» **Task goal**:
Return, without pictures, the lines from the start of the data through the one that contains "ウッドプレート 仕切りスクエア:主菜と副菜を分けたり、取り皿としても".

[Records from a data collection]
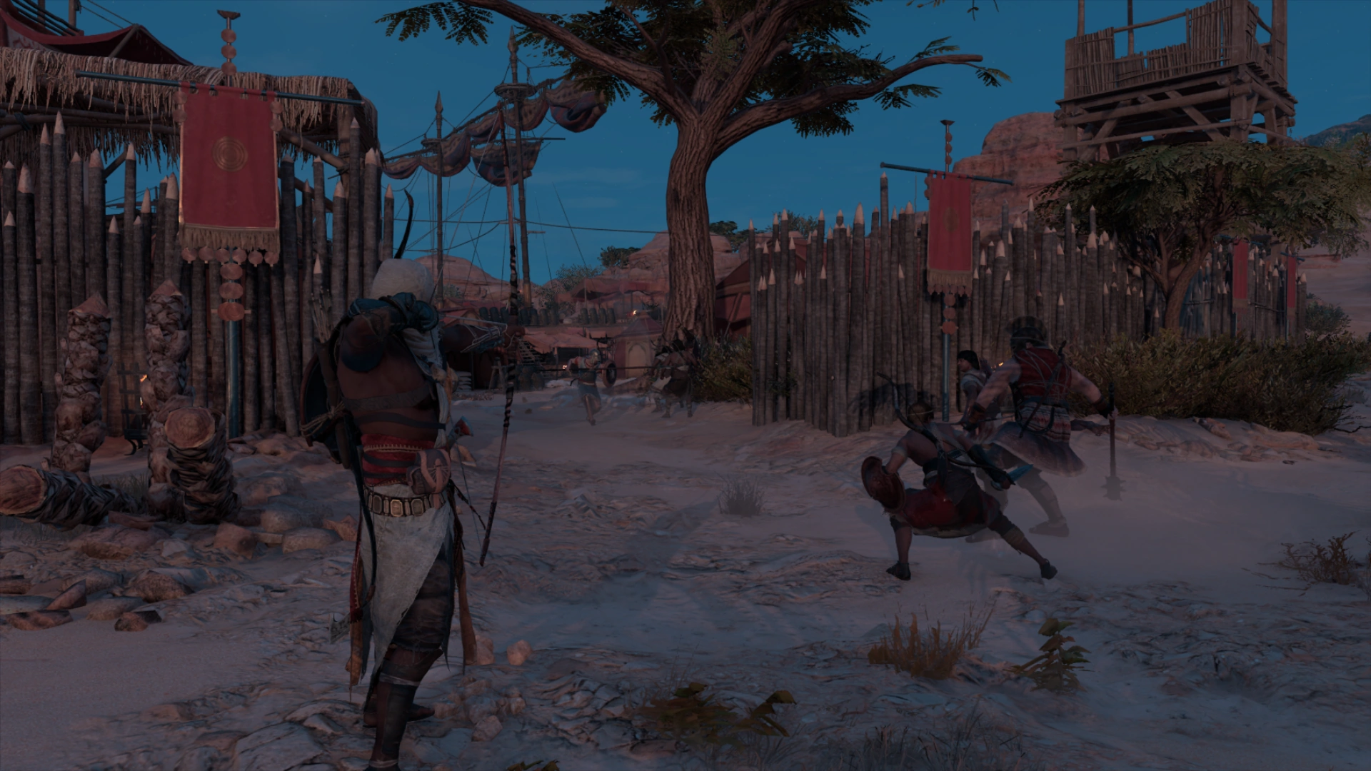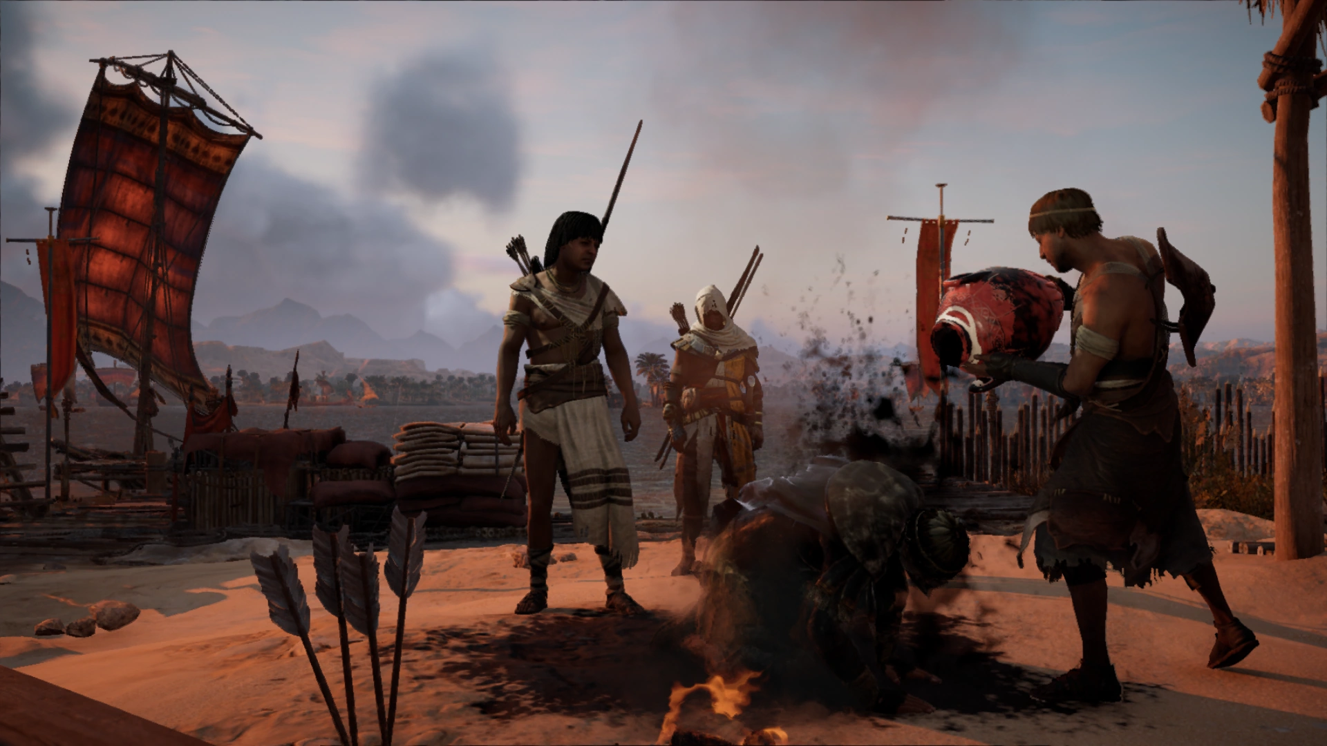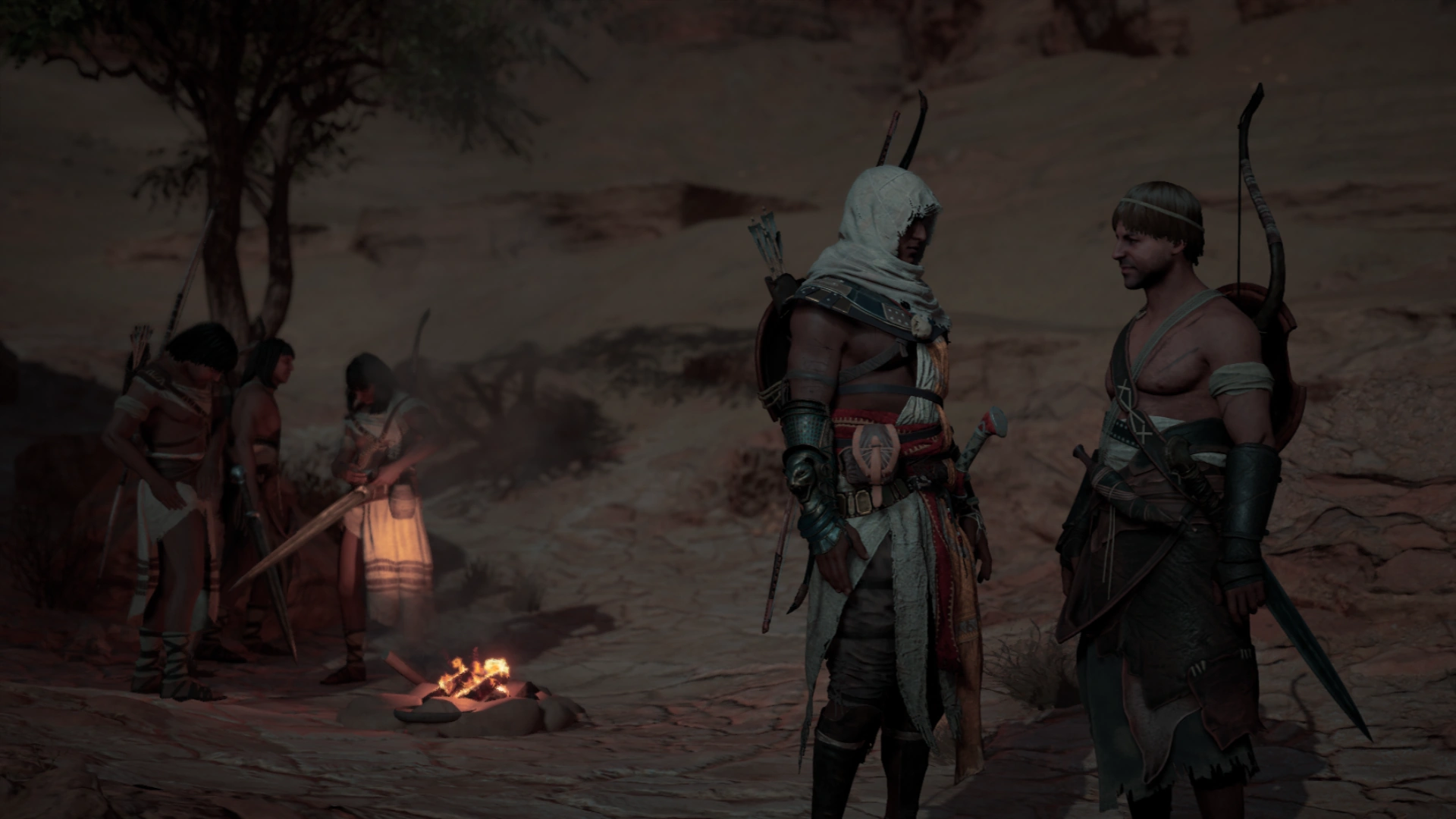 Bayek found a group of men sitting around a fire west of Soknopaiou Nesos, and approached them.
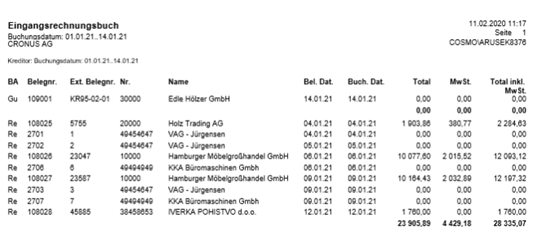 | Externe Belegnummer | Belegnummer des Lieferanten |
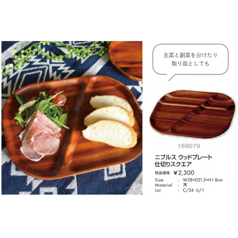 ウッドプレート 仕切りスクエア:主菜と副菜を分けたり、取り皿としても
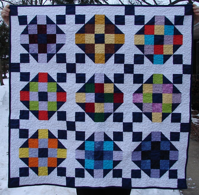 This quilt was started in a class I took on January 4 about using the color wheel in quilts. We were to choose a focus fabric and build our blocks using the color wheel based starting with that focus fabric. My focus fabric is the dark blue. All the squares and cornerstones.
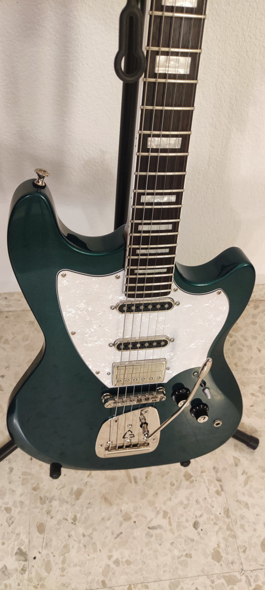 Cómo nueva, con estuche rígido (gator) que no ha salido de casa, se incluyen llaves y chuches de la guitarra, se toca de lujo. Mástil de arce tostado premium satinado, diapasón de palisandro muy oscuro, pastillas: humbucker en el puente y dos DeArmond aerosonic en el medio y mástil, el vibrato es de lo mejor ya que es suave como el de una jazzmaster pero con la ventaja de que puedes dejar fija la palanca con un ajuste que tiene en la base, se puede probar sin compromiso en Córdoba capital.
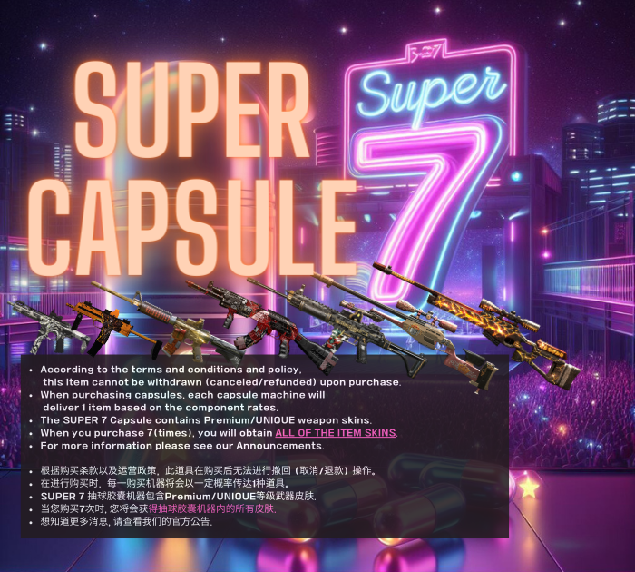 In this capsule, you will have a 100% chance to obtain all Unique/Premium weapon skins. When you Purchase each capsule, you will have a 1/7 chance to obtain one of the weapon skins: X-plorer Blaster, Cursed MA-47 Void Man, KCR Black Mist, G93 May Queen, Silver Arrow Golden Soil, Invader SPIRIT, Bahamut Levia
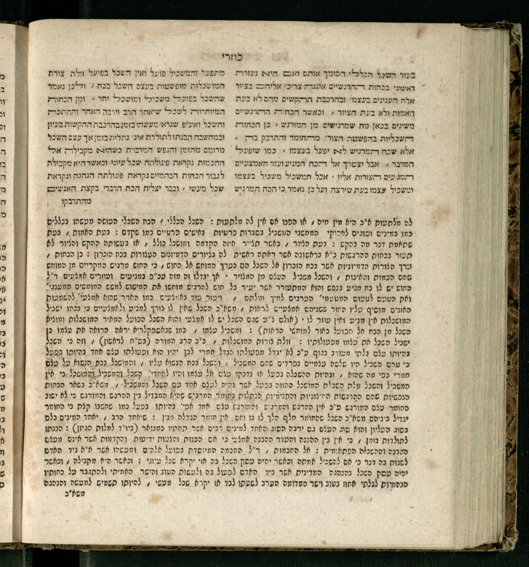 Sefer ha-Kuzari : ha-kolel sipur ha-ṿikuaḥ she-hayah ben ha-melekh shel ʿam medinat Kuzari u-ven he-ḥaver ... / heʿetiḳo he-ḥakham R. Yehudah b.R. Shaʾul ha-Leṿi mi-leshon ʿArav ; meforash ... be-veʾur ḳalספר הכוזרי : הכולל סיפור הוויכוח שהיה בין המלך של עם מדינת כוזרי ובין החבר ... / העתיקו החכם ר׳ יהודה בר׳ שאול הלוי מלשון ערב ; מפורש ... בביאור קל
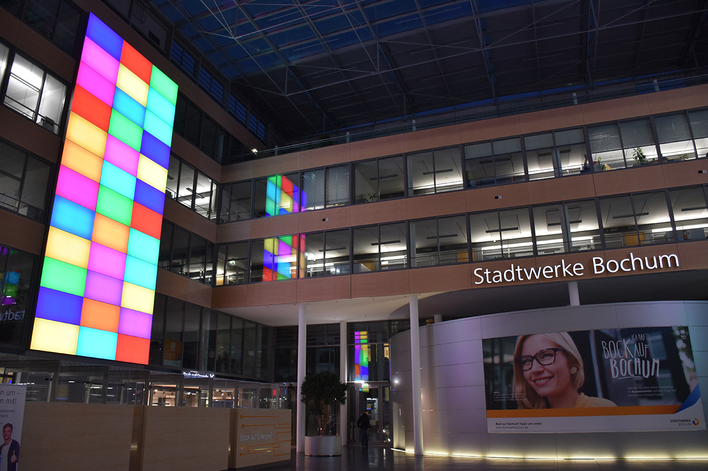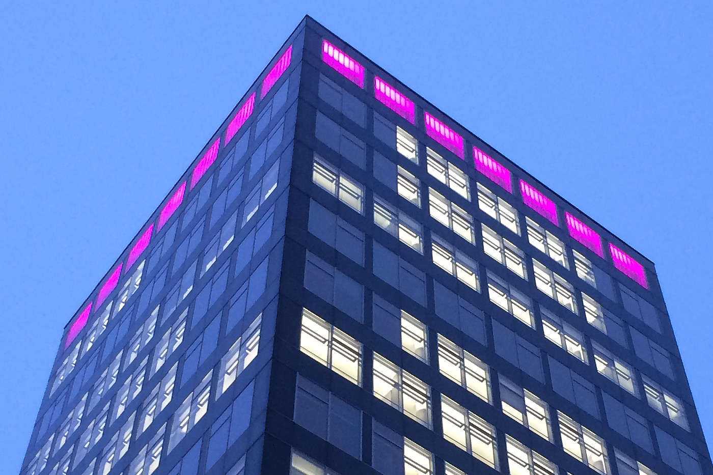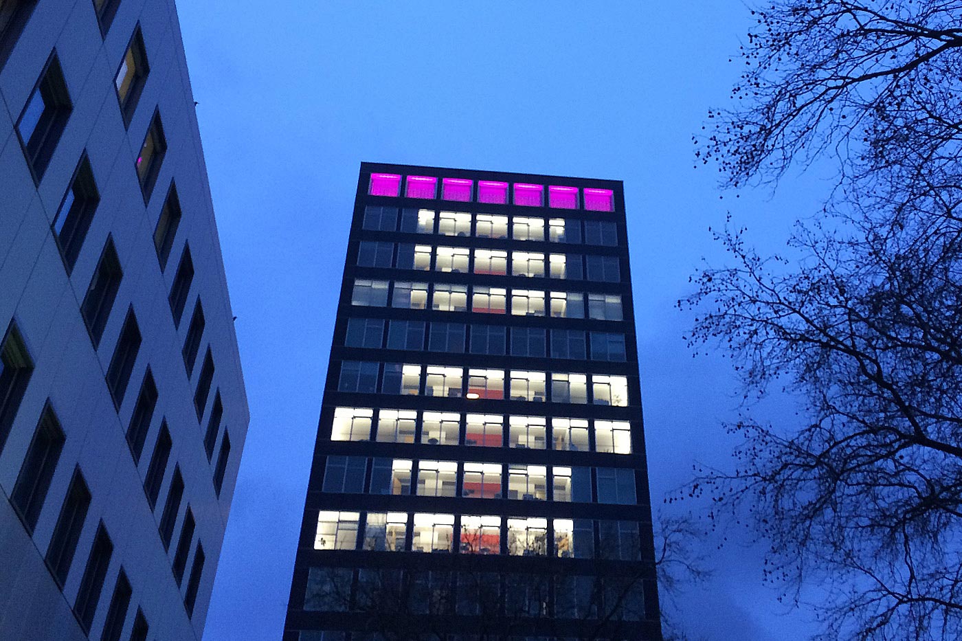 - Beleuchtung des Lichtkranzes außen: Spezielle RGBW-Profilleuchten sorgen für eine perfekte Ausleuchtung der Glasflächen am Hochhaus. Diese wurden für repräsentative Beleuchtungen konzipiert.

» **Output of the task**:
 Bayek found a group of men sitting around a fire west of Soknopaiou Nesos, and approached them.
 | Externe Belegnummer | Belegnummer des Lieferanten |
 ウッドプレート 仕切りスクエア:主菜と副菜を分けたり、取り皿としても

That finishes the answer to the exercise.